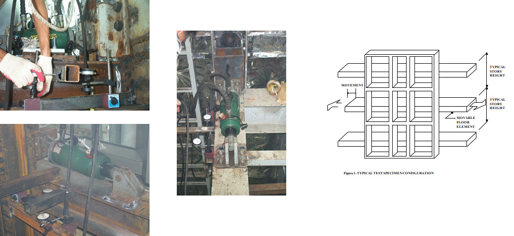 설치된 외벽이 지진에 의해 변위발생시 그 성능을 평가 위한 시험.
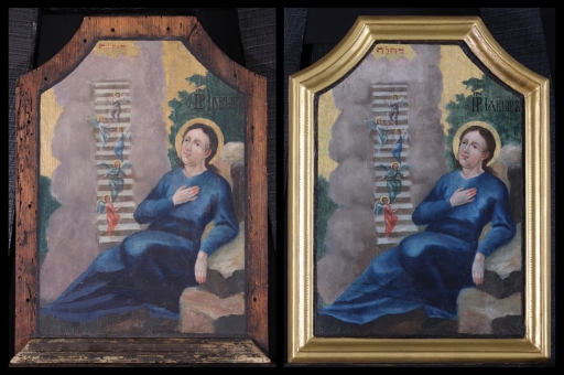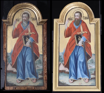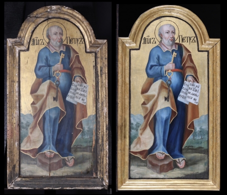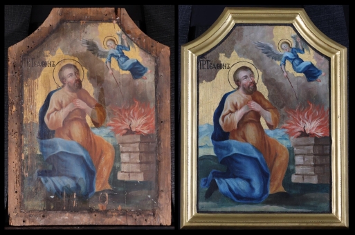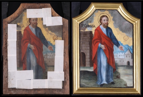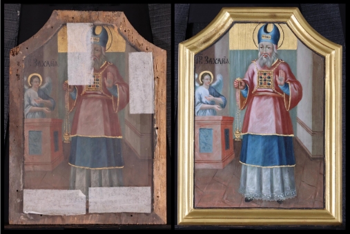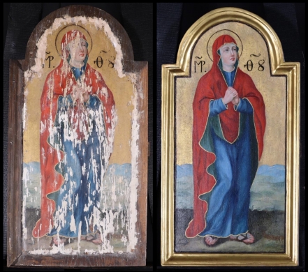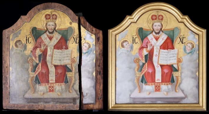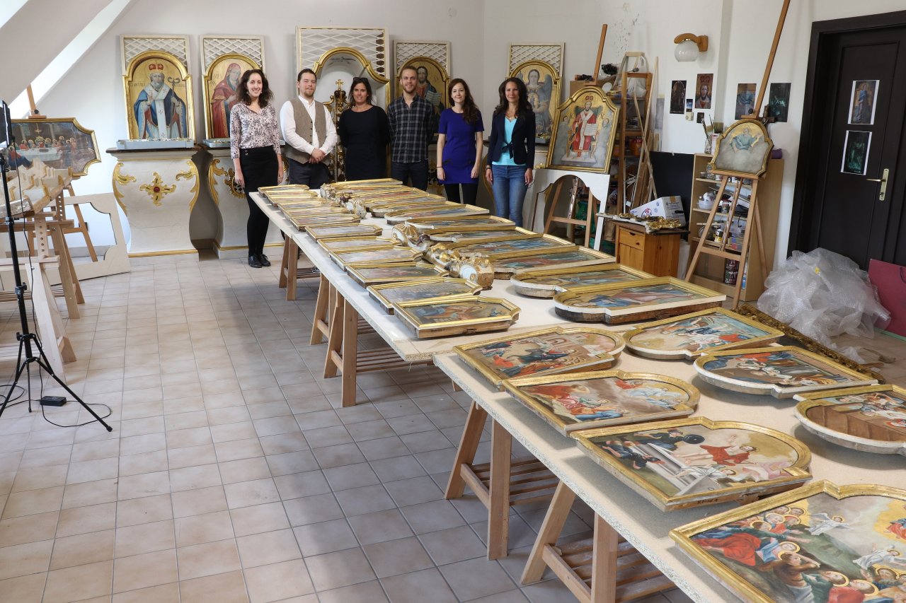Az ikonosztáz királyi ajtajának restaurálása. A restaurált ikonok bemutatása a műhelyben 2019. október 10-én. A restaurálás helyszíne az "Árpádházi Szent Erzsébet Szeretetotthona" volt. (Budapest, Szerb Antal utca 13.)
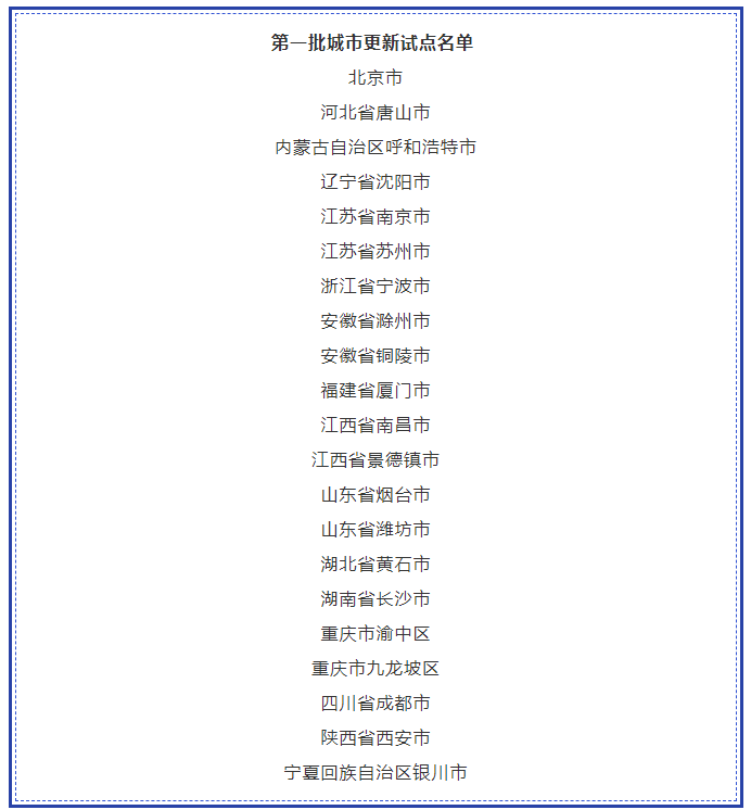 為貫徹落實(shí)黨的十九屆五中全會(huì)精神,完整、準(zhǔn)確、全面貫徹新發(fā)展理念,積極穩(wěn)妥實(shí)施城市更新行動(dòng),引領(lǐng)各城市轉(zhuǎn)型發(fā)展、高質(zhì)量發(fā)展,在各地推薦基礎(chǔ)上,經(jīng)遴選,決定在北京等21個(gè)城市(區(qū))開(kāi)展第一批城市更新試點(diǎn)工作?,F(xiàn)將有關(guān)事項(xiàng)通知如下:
==
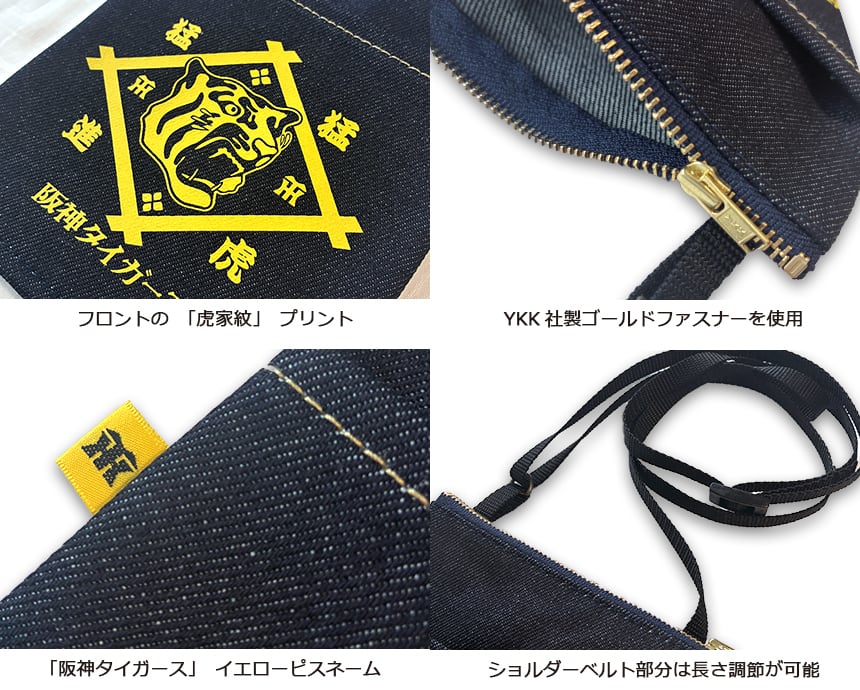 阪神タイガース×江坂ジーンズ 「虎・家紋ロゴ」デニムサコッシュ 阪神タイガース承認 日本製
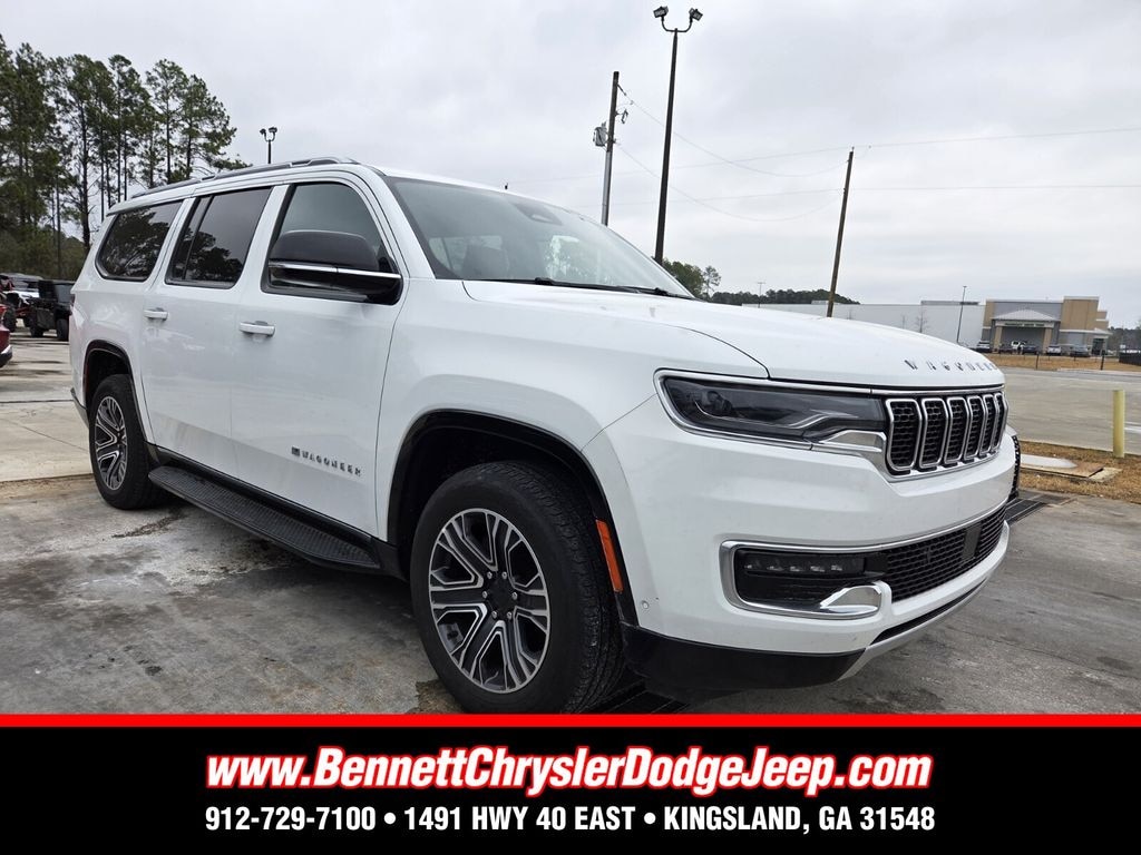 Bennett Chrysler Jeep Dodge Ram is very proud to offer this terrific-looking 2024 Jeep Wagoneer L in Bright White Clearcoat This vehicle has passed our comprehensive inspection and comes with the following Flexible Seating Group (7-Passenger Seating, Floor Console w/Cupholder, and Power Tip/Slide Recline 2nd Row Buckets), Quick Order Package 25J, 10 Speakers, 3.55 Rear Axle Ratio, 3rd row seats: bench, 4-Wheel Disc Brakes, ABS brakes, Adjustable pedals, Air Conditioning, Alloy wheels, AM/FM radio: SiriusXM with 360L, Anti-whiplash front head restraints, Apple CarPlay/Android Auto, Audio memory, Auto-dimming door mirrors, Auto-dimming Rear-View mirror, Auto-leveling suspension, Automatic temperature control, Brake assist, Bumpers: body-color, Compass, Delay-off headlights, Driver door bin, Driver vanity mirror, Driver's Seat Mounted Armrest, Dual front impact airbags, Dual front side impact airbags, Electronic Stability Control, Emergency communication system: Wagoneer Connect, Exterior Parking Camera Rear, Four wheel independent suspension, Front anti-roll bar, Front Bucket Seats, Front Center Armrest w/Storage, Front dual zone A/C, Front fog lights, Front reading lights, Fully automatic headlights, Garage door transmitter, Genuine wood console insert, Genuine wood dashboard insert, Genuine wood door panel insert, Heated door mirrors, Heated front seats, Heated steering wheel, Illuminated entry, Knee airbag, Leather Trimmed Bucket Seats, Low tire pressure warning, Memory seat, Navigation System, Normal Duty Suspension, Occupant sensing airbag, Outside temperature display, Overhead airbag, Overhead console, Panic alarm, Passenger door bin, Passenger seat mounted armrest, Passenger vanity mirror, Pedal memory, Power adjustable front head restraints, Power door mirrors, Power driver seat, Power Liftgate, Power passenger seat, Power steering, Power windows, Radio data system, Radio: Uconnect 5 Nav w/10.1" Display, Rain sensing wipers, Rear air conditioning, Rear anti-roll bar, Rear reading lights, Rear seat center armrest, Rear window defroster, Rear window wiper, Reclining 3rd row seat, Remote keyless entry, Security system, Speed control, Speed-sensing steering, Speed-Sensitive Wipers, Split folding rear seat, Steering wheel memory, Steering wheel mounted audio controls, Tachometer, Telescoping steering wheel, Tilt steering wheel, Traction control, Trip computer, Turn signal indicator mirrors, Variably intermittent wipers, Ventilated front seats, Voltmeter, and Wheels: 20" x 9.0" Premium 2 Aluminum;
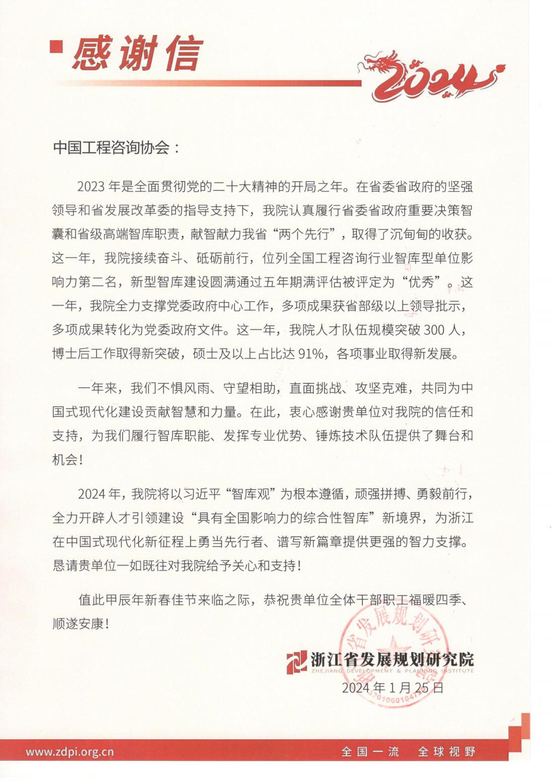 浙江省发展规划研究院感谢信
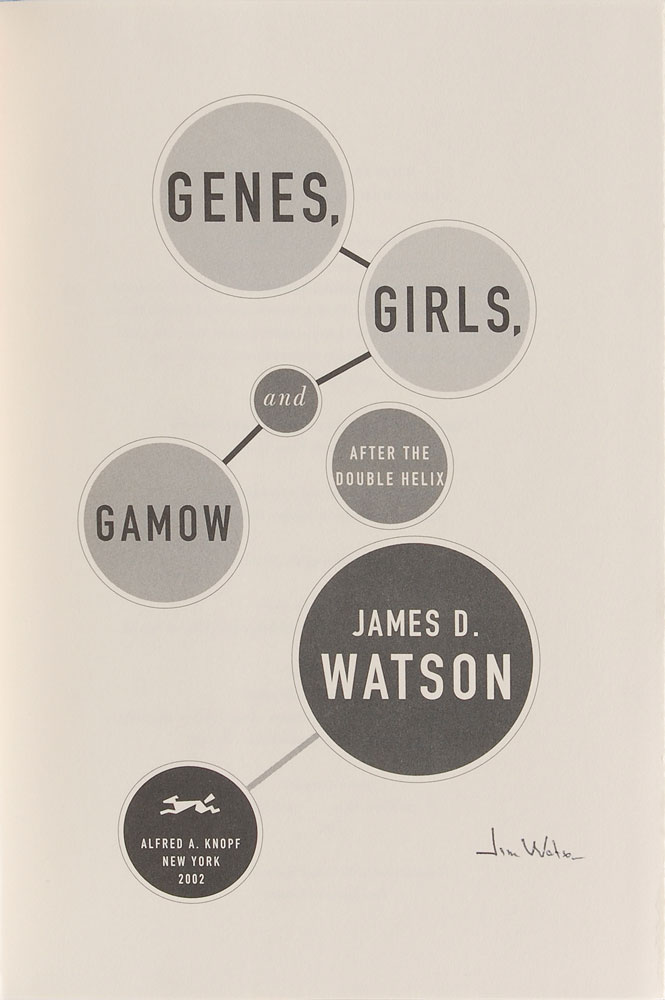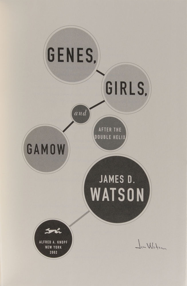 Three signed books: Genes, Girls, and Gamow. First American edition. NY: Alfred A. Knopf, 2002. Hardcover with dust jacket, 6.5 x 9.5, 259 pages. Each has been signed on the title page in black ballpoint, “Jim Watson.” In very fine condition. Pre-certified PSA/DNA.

* Prompt
Which part of the entries opens with the line containing "설치된 외벽이 지진에 의해 변위발생시 그 성능을 평가 위한 시험." and closes with the line containing "為貫徹落實(shí)黨的十九"? Output that part exactly, ends included, pictures excluded.

* Answer box
 설치된 외벽이 지진에 의해 변위발생시 그 성능을 평가 위한 시험.
Az ikonosztáz királyi ajtajának restaurálása. A restaurált ikonok bemutatása a műhelyben 2019. október 10-én. A restaurálás helyszíne az "Árpádházi Szent Erzsébet Szeretetotthona" volt. (Budapest, Szerb Antal utca 13.)
 為貫徹落實(shí)黨的十九屆五中全會(huì)精神,完整、準(zhǔn)確、全面貫徹新發(fā)展理念,積極穩(wěn)妥實(shí)施城市更新行動(dòng),引領(lǐng)各城市轉(zhuǎn)型發(fā)展、高質(zhì)量發(fā)展,在各地推薦基礎(chǔ)上,經(jīng)遴選,決定在北京等21個(gè)城市(區(qū))開(kāi)展第一批城市更新試點(diǎn)工作?,F(xiàn)將有關(guān)事項(xiàng)通知如下:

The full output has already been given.